If reads work, writes round-trip, and the Lens's `on_start` /`on_refresh` /
`on_write` all fire as expected, your driver is Diorama-compatible. The full
test matrix (composition with other drivers, capability propagation, error
surfaces) lives in `vantage-diorama/tests/`.

## A small worked example

A REST API for a product catalog.

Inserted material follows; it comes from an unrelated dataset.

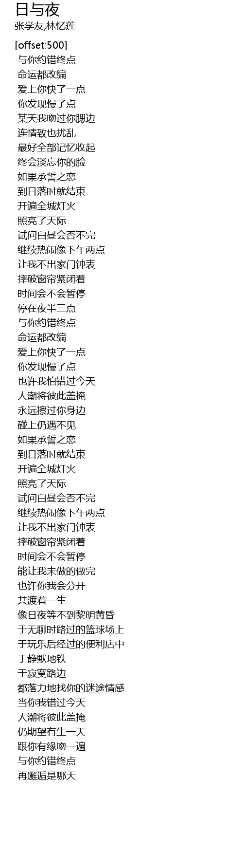 | [03:03.160] | yu ni yue cuo zhong dian |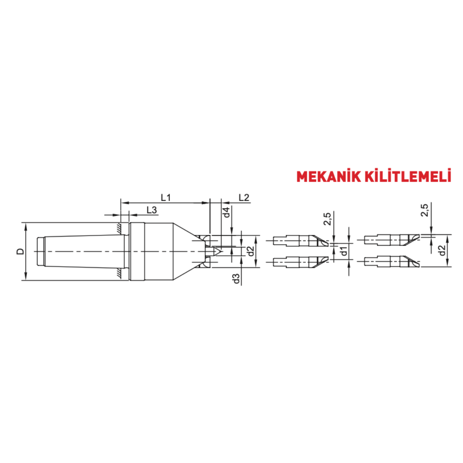 • Mekanik kilitleme sistemiyle güçlü kavrama ve güvenli sabitleme

Pagination via `?page=N`. No native search.
No subscription.

```rust
use vantage_vista::{Vista, VistaCapabilities, TableShell};

pub struct RestVista {
    base_url: String,
    client: reqwest::Client,
}

#[async_trait]
impl TableShell for RestVista {
    fn capabilities(&self) -> VistaCapabilities {
        VistaCapabilities {
            can_count: true,            // /products/count exists
            can_insert: true,
            can_update: true,
            can_delete: true,
            can_fetch_page: true,
            can_fetch_next: true,
            // The rest default to false.
            ..Default::default()
        }
    }

    async fn fetch_page(
        &self,
        _query: &Query,
        cursor: Option<Vec<u8>>,
        limit: usize,
    ) -> Result<Page<RecordId, Record<CborValue>>> {
        let page: u32 = cursor.as_ref()
            .map(|c| u32::from_le_bytes(c[..4].try_into().unwrap_or([0; 4])))
            .unwrap_or(0);
        let resp: ApiResponse = self.client
            .get(format!("{}/products?page={page}&limit={limit}", self.base_url))
            .send().await?
            .json().await?;
        Ok(Page {
            rows: resp.items.into_iter().map(|p| (p.id.clone(), p.into_record())).collect(),
            next_cursor: resp.next_page.map(|n| n.to_le_bytes().to_vec()),
            total_estimated: resp.total,
        })
    }

    async fn fetch_one(&self, id: &RecordId) -> Result<Option<Record<CborValue>>> {
        let url = format!("{}/products/{id}", self.base_url);
        match self.client.get(url).send().await?.error_for_status() {
            Ok(r) => Ok(Some(r.json::<Product>().await?.into_record())),
            Err(e) if e.status() == Some(reqwest::StatusCode::NOT_FOUND) => Ok(None),
            Err(e) => Err(e.into()),
        }
    }

    // insert / update / delete similarly.
}
```

A user wraps this in a Lens that adds caching and search-in-memory:

```rust
let lens = Lens::new()
    .cache_at("./products-cache.redb")
    .on_start(|dio| async move {
        let mut cursor = None;
        loop {
            let page = dio.master().fetch_page(&Query::all(), cursor, 100).await?;
            dio.cache().insert_values(page.rows.into_iter().map(|(_, r)| r).collect()).await?;
            cursor = page.next_cursor;
            if cursor.is_none() { break; }
        }
        Ok(())
    })
    .refresh_every(Duration::from_secs(900))
    .build()
    .await?;

let products = lens.make_dio(rest_vista.into_vista()?);

// Search works even though the REST API doesn't support it — Diorama uses the cache.
let cakes: Vec<_> = products.vista()
    .add_search("cake")
    .list_values()
    .await?;
```

The driver did the minimum. Diorama provides the rest.